Journal Articles
2025
Unifying machine learning and interpolation theory via interpolating neural networks
Nature Communications, 16, 8753 2025
Computational science and engineering are shifting toward data-centric, optimization-based, and self-correcting solvers with artificial intelligence. This transition faces challenges such as low accuracy with sparse data, poor scalability, and high computational cost in complex system design. This work introduces Interpolating Neural Network (INN)-a network architecture blending interpolation theory and tensor decomposition. INN significantly reduces computational effort and memory requirements while maintaining high accuracy. Thus, it outperforms traditional partial differential equation (PDE) solvers, machine learning (ML) models, and physics-informed neural networks (PINNs). It also efficiently handles sparse data and enables dynamic updates of nonlinear activation. Demonstrated in metal additive manufacturing, INN rapidly constructs an accurate surrogate model of Laser Powder Bed Fusion (L-PBF) heat transfer simulation. It achieves sub-10-micrometer resolution for a 10 mm path in under 15 minutes on a single GPU, which is 5-8 orders of magnitude faster than competing ML models. This offers a new perspective for addressing challenges in computational science and engineering.
2024
Benchmark study of melt pool and keyhole dynamics, laser absorptance, and porosity in additive manufacturing of Ti-6Al-4V
Progress in Additive Manufacturing, 1–25 2024
Metal three-dimensional (3D) printing involves a multitude of operational and material parameters that exhibit intricate interdependencies, which pose challenges to real-time process optimization, monitoring, and controlling. The dynamic behavior of the laser-induced melt pool strongly influences the final printed part quality by controlling the absorption of laser power and impacting defect creation, porosity, and surface finish. By leveraging ultrahigh-speed synchrotron X-ray imaging and high-fidelity multiphysics modeling, we identify correlations between laser process parameters, keyhole and melt pool morphologies, laser absorptance, and porosity in metal 3D printing of Ti-6Al-4V, aiding in the development of effective printing strategies. Our models accurately predict the geometries and shapes of melt pools and keyholes, laser absorptance, and the size and shape of keyhole-induced pores during the additive manufacturing processes using different laser parameters, for both bare and powder cases. This work establishes robust correlations among process parameters, melt pool and keyhole morphology, and materials properties. These findings provide valuable insights into the complex interplay among different design factors in metal 3D printing, laying a strong foundation for the development of highly effective and efficient additive manufacturing processes.
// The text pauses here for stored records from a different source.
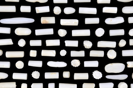 Bundle of razor clams. Overheadshot. Isolated over black slate
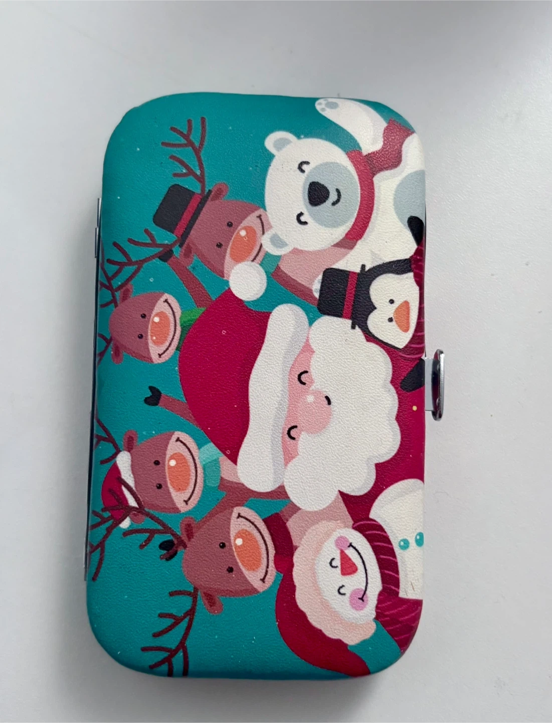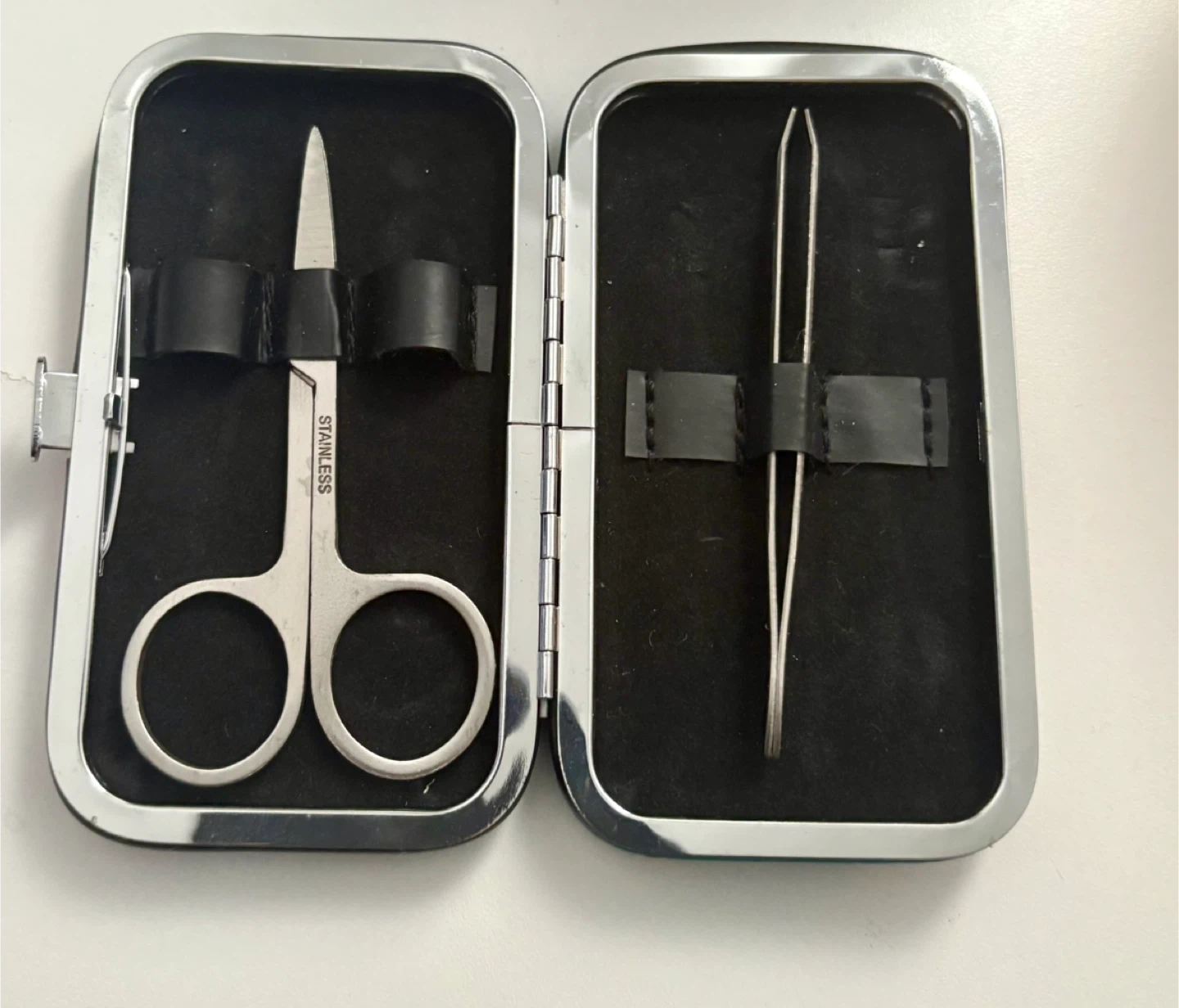 It comes with stainless steel scissors and tweezers, all neatly organized in a festive case.
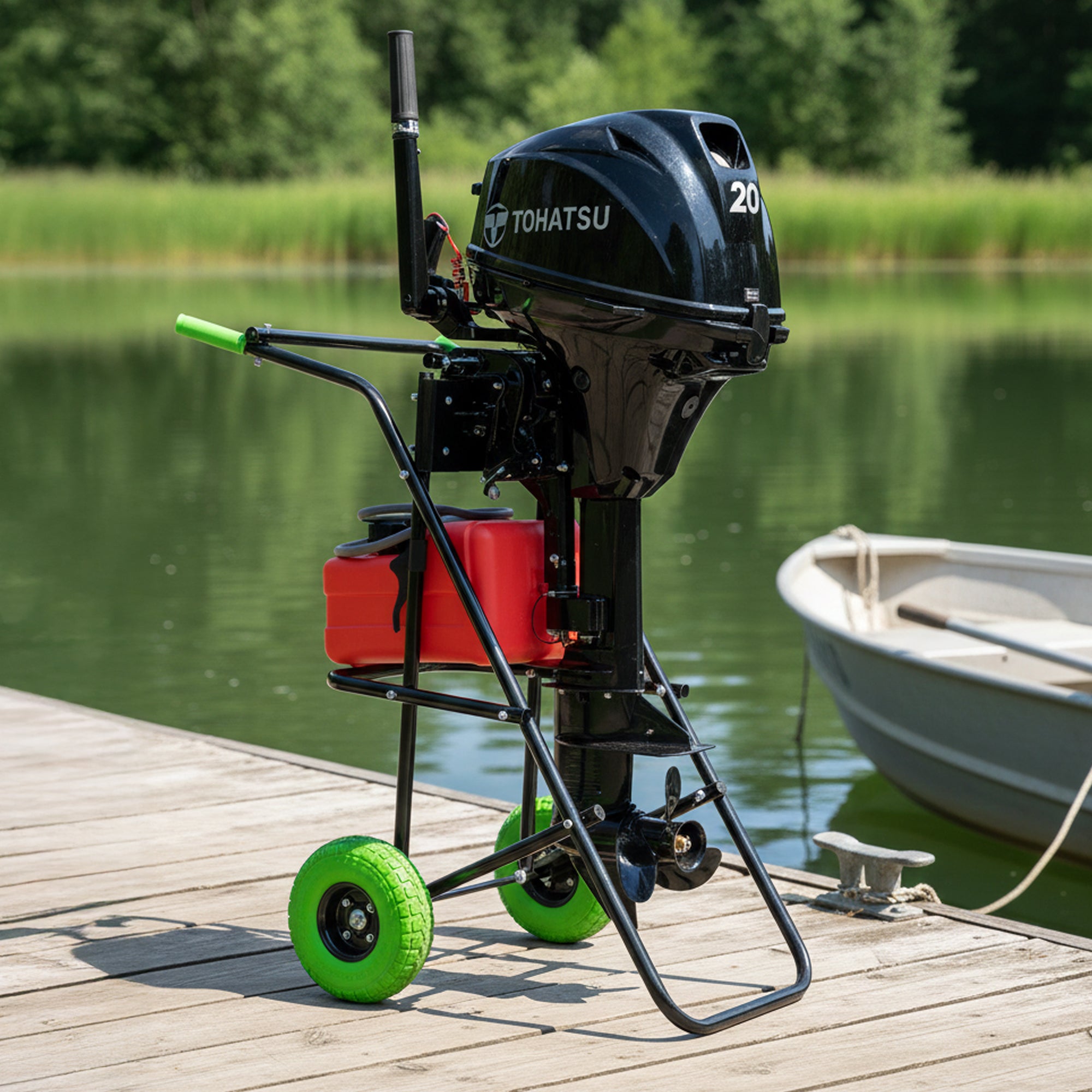 Met een maximale draagkracht van 59 kg is deze trolley geschikt voor buitenboordmotoren tot 20 pk (4-takt, zoals die van Tohatsu). Of je nu een kortstaart of langstaart motor hebt, deze trolley biedt de perfecte oplossing. Daarnaast is er een handige houder voor een externe benzinetank, die eenvoudig met een riem kan worden vastgezet, zodat de benzineslang tijdens het vervoeren niet hoeft te worden losgekoppeld.

Statistical parameterized physics-based machine learning digital shadow models for laser powder bed fusion process
Additive Manufacturing, 87, 104214 2024
A digital twin (DT) is a virtual representation of physical process, products and/or systems that requires a high-fidelity computational model for continuous update through the integration of sensor data and user input. In the context of laser powder bed fusion (LPBF) additive manufacturing, a digital twin of the manufacturing process can offer predictions for the produced parts, diagnostics for manufacturing defects, as well as control capabilities. This paper introduces a parameterized physics-based digital twin (PPB-DT) for the statistical predictions of LPBF metal additive manufacturing process. We accomplish this by creating a high-fidelity computational model that accurately represents the melt pool phenomena and subsequently calibrating and validating it through controlled experiments. In PPB-DT, a mechanistic reduced-order method-driven stochastic calibration process is introduced, which enables the statistical predictions of the melt pool geometries and the identification of defects such as lack-of-fusion porosity and surface roughness, specifically for diagnostic applications. Leveraging data derived from this physics-based model and experiments, we have trained a machine learning-based digital twin (PPB-ML-DT) model for predicting, monitoring, and controlling melt pool geometries. These proposed digital twin models can be employed for predictions, control, optimization, and quality assurance within the LPBF process, ultimately expediting product development and certification in LPBF-based metal additive manufacturing.
2023
Physics Guided Heat Source for Quantitative Prediction of the Laser Track Measurements of IN718 in 2022 NIST AM Benchmark Test
npj Computational Materials, 10, 37 2023
Challenge 3 of the 2022 NIST additive manufacturing benchmark (AM Bench) experiments asked modelers to submit predictions for solid cooling rate, liquid cooling rate, time above melt, and melt pool geometry for single and multiple track laser powder bed fusion process using moving lasers. An in-house developed Additive Manufacturing Computational Fluid Dynamics code (AM-CFD) combined with a cylindrical heat source is implemented to accurately predict these experiments. Heuristic heat source calibration is proposed relating volumetric energy density (ψ) based on experiments available in the literature. The parameters of the heat source of the computational model are initially calibrated based on a Higher Order Proper Generalized Decomposition- (HOPGD) based surrogate model. The prediction using the calibrated heat source agrees quantitatively with NIST measurements for different process conditions (laser spot diameter, laser power, and scan speed). A scaling law based on keyhole formation is also utilized in calibrating the parameters of the cylindrical heat source and predicting the challenge experiments. In addition, an improvement on the heat source model is proposed to relate the Volumetric Energy Density (VEDσ) to the melt pool aspect ratio. The model shows further improvement in the prediction of the experimental measurements for the melt pool, including cases at higher VEDσ. Overall, it is concluded that the appropriate selection of laser heat source parameterization scheme along with the heat source model is crucial in the accurate prediction of melt pool geometry and thermal measurements while bypassing the expensive computational simulations that consider increased physics equations.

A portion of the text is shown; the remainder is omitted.